* [Problem details]: Every line below should be copied exactly; drop the pictures.
[[ The input open ]]
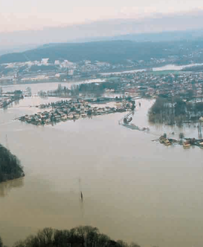
Bac) et l'Oise ont largement débordé de leur lit !
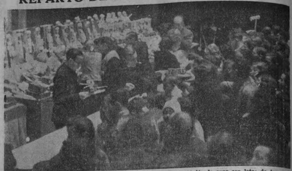
Los hijos de cuantos trabajan en ARRIBA fueron obsequiados en el día de ayer con lotes de juguetes.
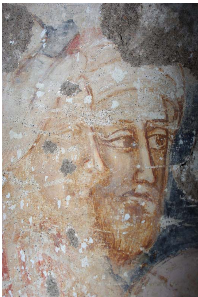
Detail s tvármi starcov z identického výjavu.
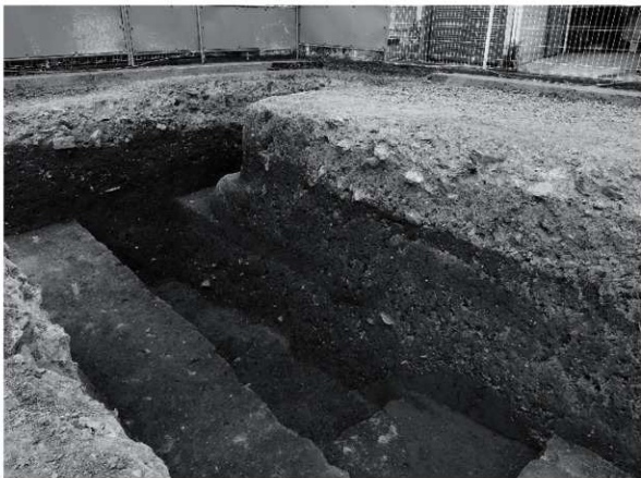
1 25次 調査区東壁及び断割り断面状況（南西から）
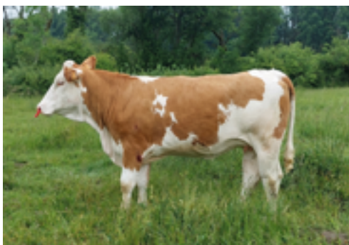
N° 34 - ULRICA
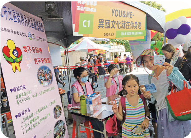
8月6日參與中山社福中心主辦「2020大手牽小手，友善Fun心遊」園遊會設攤。
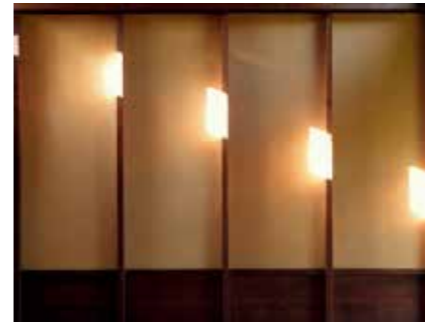
间隔 (INTERVALS), 选自《国王之路》©MonaKuhn
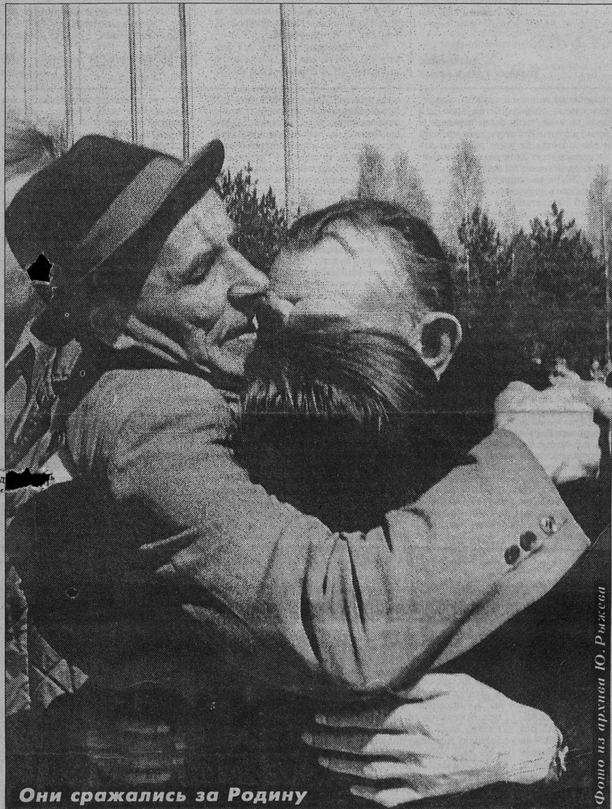
Они сражались за Родину

ВОТ УЖЕ 51 ГОД ДЛЯ ГРАЖДАН НАШЕЙ СТРАНЫ ЭТИ СЛОВА СОСТАВЛЯЮТ НЕРАЗРЫВНОЕ ЦЕЛОЕ
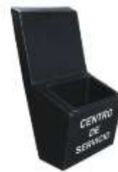
CENTRO DE SERVICIO
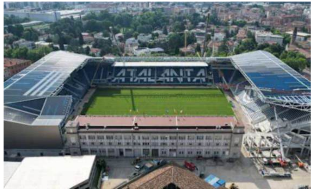
PRONTO - Due immagini del Gewiss Stadium
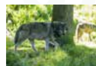
Canis lupus lupus
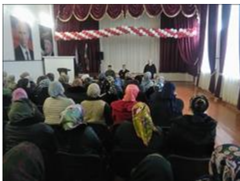
30.11.2018 Лекция в с.Урус-Мартан, школе №6 Лекция в школе №6, с. Урус-Мартан на тему: "Методы наблюдения за психическим здоровьем детей, а также основы диагностики психических расстройств у детей"
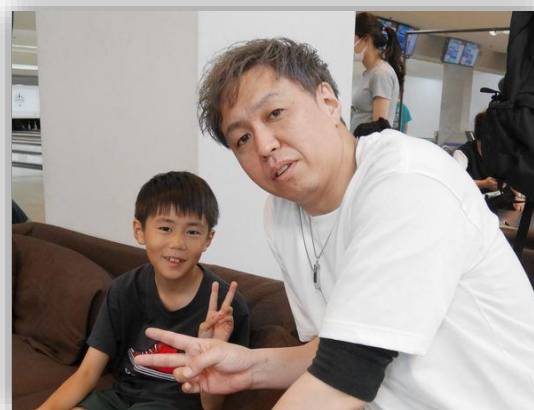
ボウリングに来て良かった!
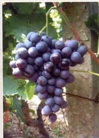
48-1 玫瑰香
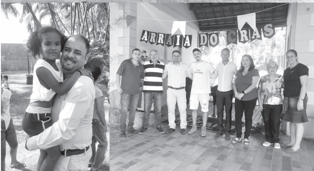
Centro de Referência de Assistência Social está localizado na antiga Estação

A Prefeitura de Rafard, através do CRAS Estação, realizou na quinta-feira (21), o tradicional Arraiá do Centro de Referência de Assistência Social. A festa contou com dança das crianças, barraças típicas, e música ao
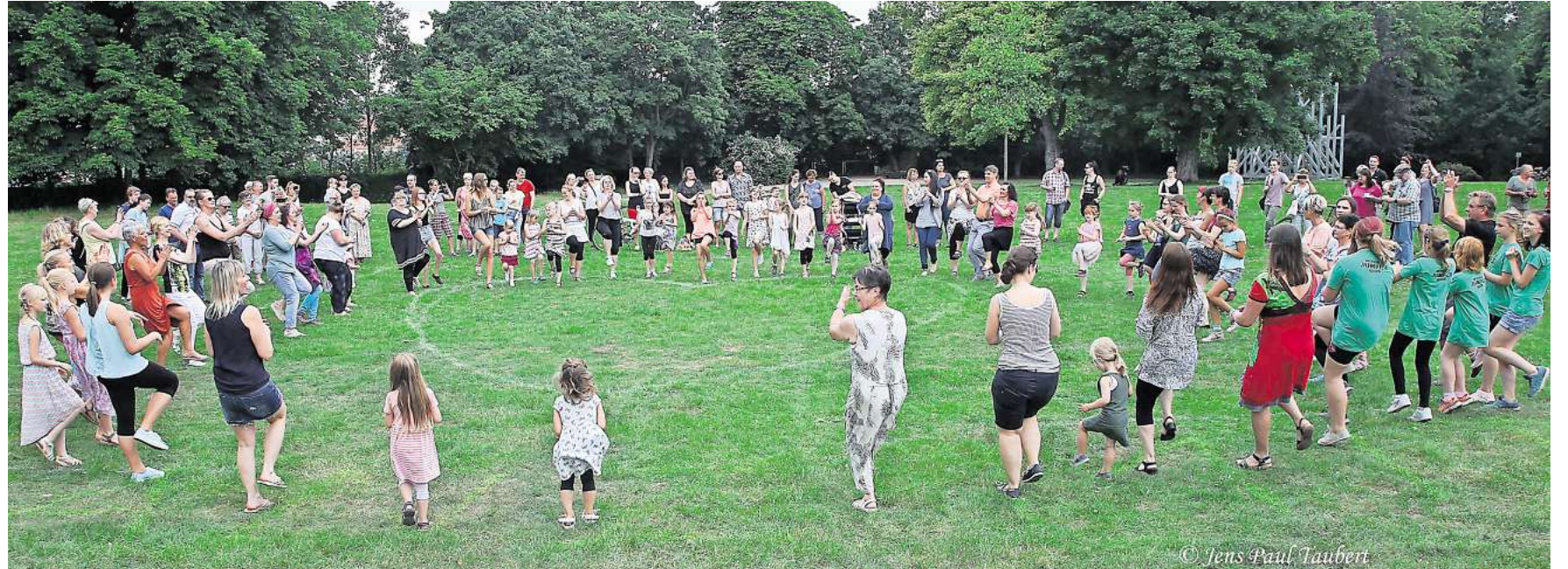
AM 10. MAI wird auf der Teehauswiese in Altenburg wieder getanzt.

TANZ-EVENT ZUM WELTTANZTAG und Muttertag am 10. Mai in Altenburg
[[ The input closed ]]
* [Response to the exercise]:
Bac) et l'Oise ont largement débordé de leur lit !
Los hijos de cuantos trabajan en ARRIBA fueron obsequiados en el día de ayer con lotes de juguetes.
Detail s tvármi starcov z identického výjavu.
1 25次 調査区東壁及び断割り断面状況（南西から）
N° 34 - ULRICA
8月6日參與中山社福中心主辦「2020大手牽小手，友善Fun心遊」園遊會設攤。
间隔 (INTERVALS), 选自《国王之路》©MonaKuhn
Они сражались за Родину

ВОТ УЖЕ 51 ГОД ДЛЯ ГРАЖДАН НАШЕЙ СТРАНЫ ЭТИ СЛОВА СОСТАВЛЯЮТ НЕРАЗРЫВНОЕ ЦЕЛОЕ
CENTRO DE SERVICIO
PRONTO - Due immagini del Gewiss Stadium
Canis lupus lupus
30.11.2018 Лекция в с.Урус-Мартан, школе №6 Лекция в школе №6, с. Урус-Мартан на тему: "Методы наблюдения за психическим здоровьем детей, а также основы диагностики психических расстройств у детей"
ボウリングに来て良かった!
48-1 玫瑰香
Centro de Referência de Assistência Social está localizado na antiga Estação

A Prefeitura de Rafard, através do CRAS Estação, realizou na quinta-feira (21), o tradicional Arraiá do Centro de Referência de Assistência Social. A festa contou com dança das crianças, barraças típicas, e música ao
AM 10. MAI wird auf der Teehauswiese in Altenburg wieder getanzt.

TANZ-EVENT ZUM WELTTANZTAG und Muttertag am 10. Mai in Altenburg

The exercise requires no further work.